**ACTIVITY:**
Transcribe word for word the section of the records below that opens with the line containing "Arbain dalam unggahannya." and closes with the line containing "接着在网络连接窗口里,找到当前活动的网络连接,点击鼠标右键并选择【属性】选项。"; drop every picture.

**SOURCE INFORMATION:**
##########

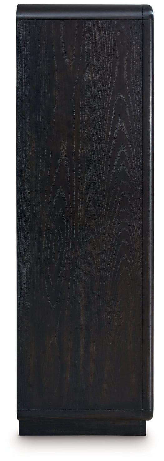 Inspired by art deco design, this softly shaped chest of drawers makes a lasting impression in a simply stunning way. Its magnificent curved silhouette is enhanced by a rich layered black finish on the textured wood grain surface. This is the statement piece you’ve been dreaming of to elevate your contemporary inner sanctum.
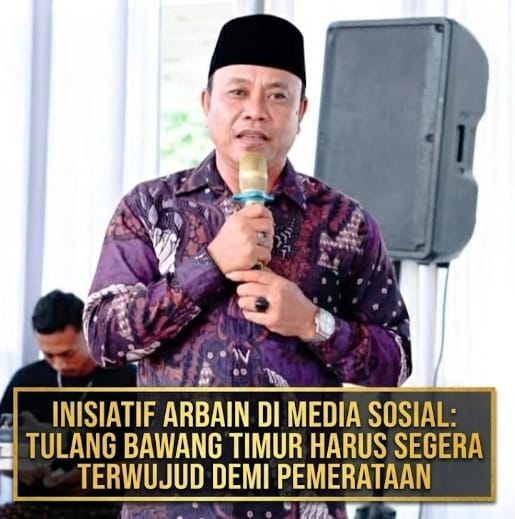 ”Salah satu jalannya adalah apabila Kabupaten Tulang Bawang dipecah lagi. Agar pembangunan di setiap kecamatan dan desa bisa lebih cepat merata, serta anggaran APBD dari pusat bisa meng-cover pembangunan di masing-masing wilayah,” tulis Arbain dalam unggahannya.
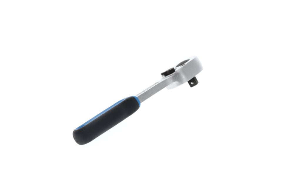 6,3 mm (1/4 ″)-Vierkantantrieb · CV-Stahl · mit 2-Komponentengriff · verchromt · Ratschensperre in Mittelstellung · Rückschwenkwinkel 15° 24 Zähne DIN 3122 / ISO 3315
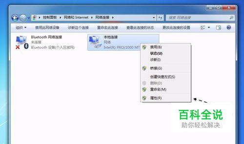 接着在网络连接窗口里,找到当前活动的网络连接,点击鼠标右键并选择【属性】选项。
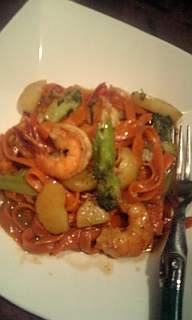 前菜をカンパチのカルバチョと根菜のマリネで一皿にしてもらって、(いつも種類食べたいのでわがまま言ってすいません!)、バスタは手打ちトマト平麺で海老とブロッコリーのソース。海老の香りがよくって、濃厚なソースの味とトマト麺の酸味がいいバランス。
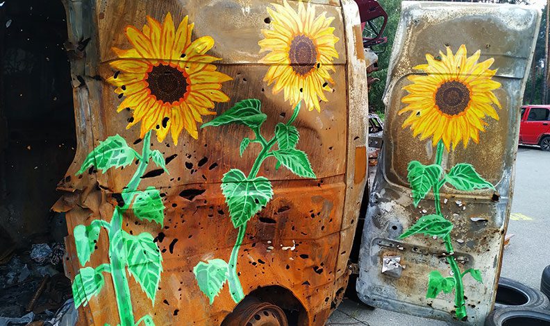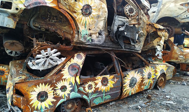 Rusya-Ukrayna savaşı devam ederken, Ukrayna ordusu tarafından ülkenin Irpin şehrinde Rus tanklarının ilerlemesini durdurmak için yıkılan bir köprüden çekilen araçlar, ABD’li ve Ukraynalı sanatçıların tuvali oldu. Sanatçılar hurdaya dönen araçlara çizdikleri ayçiçeği çalışmalarının dijital görüntülerini NFT olarak satışa sunmayı planladıklarını ve elde edilecek gelirin yeni projeler için kullanılacağını belirtti.
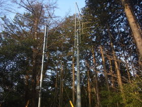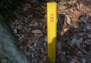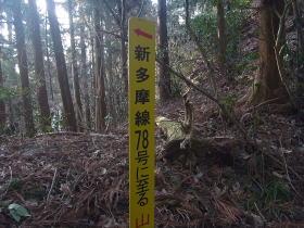 | 取付きからはあまりはっきりしない踏跡でしたが、赤布はたくさんありました。そのうちこのNHKと書かれた杭があり、そのちょっと先には共同受信用らいしアンテナがありました。ここが尾根の最初のピークで、これ以降は、一部を除いてはっきりした踏跡か山道がありました。 |

##########

**RESPONSE BELOW:**
 ”Salah satu jalannya adalah apabila Kabupaten Tulang Bawang dipecah lagi. Agar pembangunan di setiap kecamatan dan desa bisa lebih cepat merata, serta anggaran APBD dari pusat bisa meng-cover pembangunan di masing-masing wilayah,” tulis Arbain dalam unggahannya.
 6,3 mm (1/4 ″)-Vierkantantrieb · CV-Stahl · mit 2-Komponentengriff · verchromt · Ratschensperre in Mittelstellung · Rückschwenkwinkel 15° 24 Zähne DIN 3122 / ISO 3315
 接着在网络连接窗口里,找到当前活动的网络连接,点击鼠标右键并选择【属性】选项。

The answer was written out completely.